- Episode no.: Season 2 Episode 19
- Directed by: Cliff Bole
- Written by: Kenneth Biller
- Production code: 136
- Original air date: February 26, 1996

Guest appearances
- Susan Diol - Danara Pel; Raphael Sbarge - Michael Jonas; Martha Hackett - Seska; Michael Spound - Lorrum; Rick Gianasi - Gigolo;

Episode chronology
| ← Previous "Death Wish" | Next → "Investigations" |
- Star Trek: Voyager season 2

= Lifesigns (Star Trek: Voyager) =

"Lifesigns" is the 35th episode of Star Trek: Voyager, the 19th episode of the second season. It has an average fan rating of 4.2/5 on the official Star Trek website as of September, 2009.

Set in the 24th century, the series follows the adventures of the Federation starship Voyager during its journey home to Earth, having been stranded tens of thousands of light-years away. The episode centers on a Vidiian woman whom the Doctor works to save.

This episode was previously known as "Untitled Doctor" and "Magnetism". The finally adopted title has a dual meaning: the lifesigns the Doctor finds in the body of Danara, the Vidiian woman, and his own growing self-awareness as a sentient life form through the experience of romance.

Actress Susan Diol guest stars as the alien woman Denara Pel.

The episode aired on UPN on February 26, 1996.

==Plot==
Paris arrives late to the bridge as a distress call is picked up. Voyager beams aboard the dying body of a Vidiian woman. The Doctor works to save her in Sickbay.
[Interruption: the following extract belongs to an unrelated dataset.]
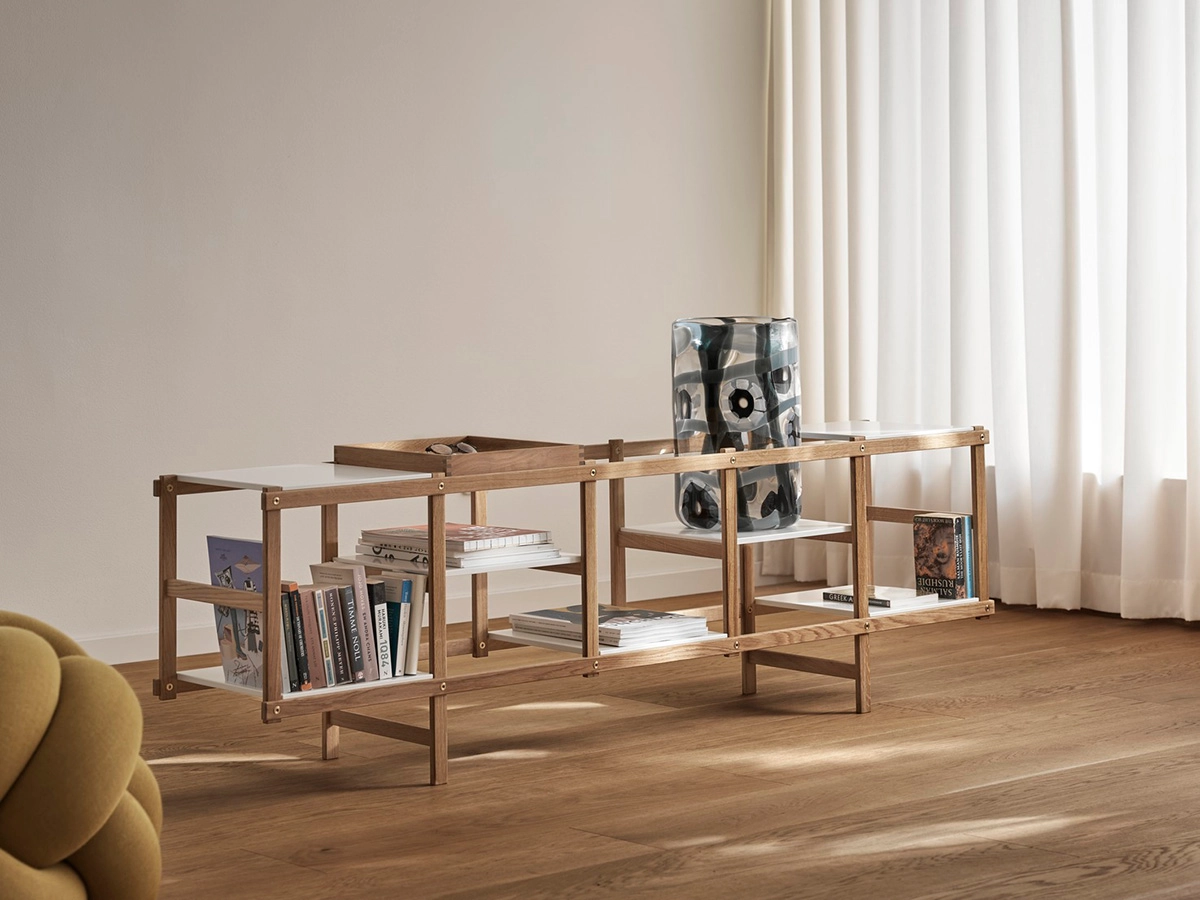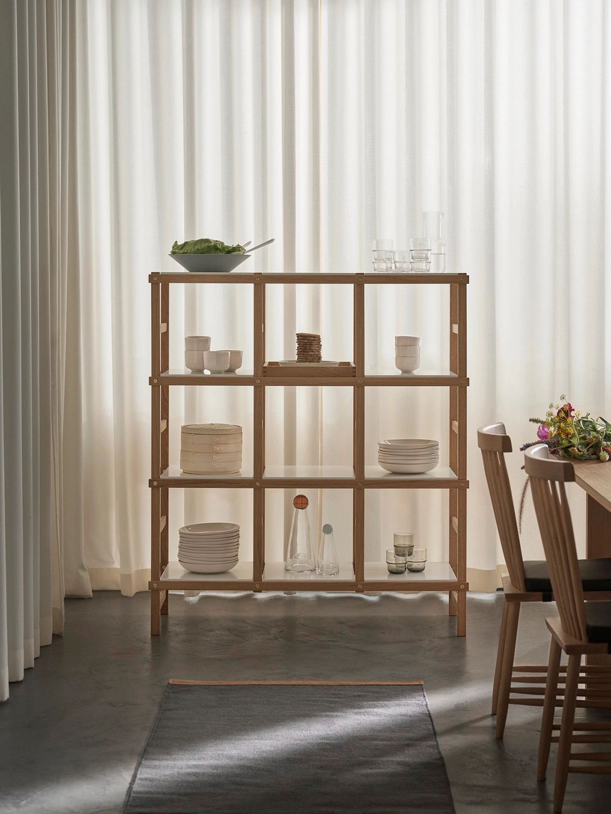 ’I wanted it right away,’ says Anders Färdig, creative director and founder of Design House Stockholm, who saw Frame at an exhibition at Färgfabriken in Stockholm many years ago, ‘Harald was not too keen to have us produce it then, but five years later he called me and we struck a deal that will make Frame available to a world-wide audience.’ Frame is an extremely flexible system that with mathematical precision allows the grid-construction to carry shelves, trays and boxes that are easily moved around. Made of profiled sticks that are countersunk into each other, Frame manages to be light yet sturdy and only requires a hex key to be assembled. And of course, truly Scandinavian all-in wood with attention on the joinery.

Finding that she has a neural interface which can store her consciousness, he creates a holographic body of her to assist him; a hologram which looks and acts the way she would if she were healthy. Her name is Danara Pel and she is a physician, ready and able to help heal the disease-ravaged body on the bed. Voyager detects and sets course for a Vidiian colony where they can drop off Pel. The Doctor soon realizes he is falling in love with Dr. Pel, but has trouble sorting out his feelings toward the vibrant hologram and the real, dying patient. Kes and Paris assist the Doctor with these feelings and, with the help of one of Paris' romantic holo-programs (a '57 Chevy parked on a hill overlooking a Mars colony), Dr. Pel and the Doctor share their first kiss.

As part of the Doctor's plan to treat her, he requests a small sample of B'Elanna Torres' brain tissue to use as a graft; Klingon DNA has been shown to be resistant to the Phage. Torres is initially outraged at the suggestion, still traumatized by her treatment by the Vidiians, but she soon relents upon meeting Dr. Pel's hologram in Sickbay. The Doctor administers the graft but later discovers the body is rejecting it due to an improperly administered chemical. The Doctor first accuses Kes of making a mistake before starting to alert Lieutenant Tuvok of an attempted murder, but Pel stops him. She admits she injected the chemical in an attempt to kill her own diseased body, even knowing it will kill her holographic self as well, as she cannot bear to return to the way she used to be. The Doctor and Pel argue over whether or not to save her life, and the Doctor finally convinces her that he does not care what she looks like, and that they would have more time together than if she were to die.

Following the procedure, Pel meets the Doctor at Sandrine's on the Holodeck, where he had taken her previously. Back in her grafted and scarred physical body, she approaches him apprehensively. The Doctor merely smiles and takes her in his arms, and the two dance.

A small subplot in this episode involves Tom Paris' increased insubordination and overall lack of discipline, coming to a head as Chakotay relieves him of duty after becoming fed up with his behavior. After Paris pushes Chakotay to the floor during an argument, Captain Janeway asks Tuvok to place Paris in the brig. This storyline would resolve in the following episode "Investigations".

== Reception and viewing guides ==
In 2017, Den of Geek included this episode, along with "Meld", "Death Wish", and "Deadlock" from Season 2, for their abbreviated viewing guide for Star Trek: Voyager.

In 2017, Den of Geek ranked actress Susan Diol as Denara Pel as the 4th best guest star on Star Trek: Voyager, for her acting performance in this episode and "Resolutions" (S 2: Ep 25).

In 2021, SyFy said this was a "rewarding episode" for Torres, and it explores anger and forgiveness.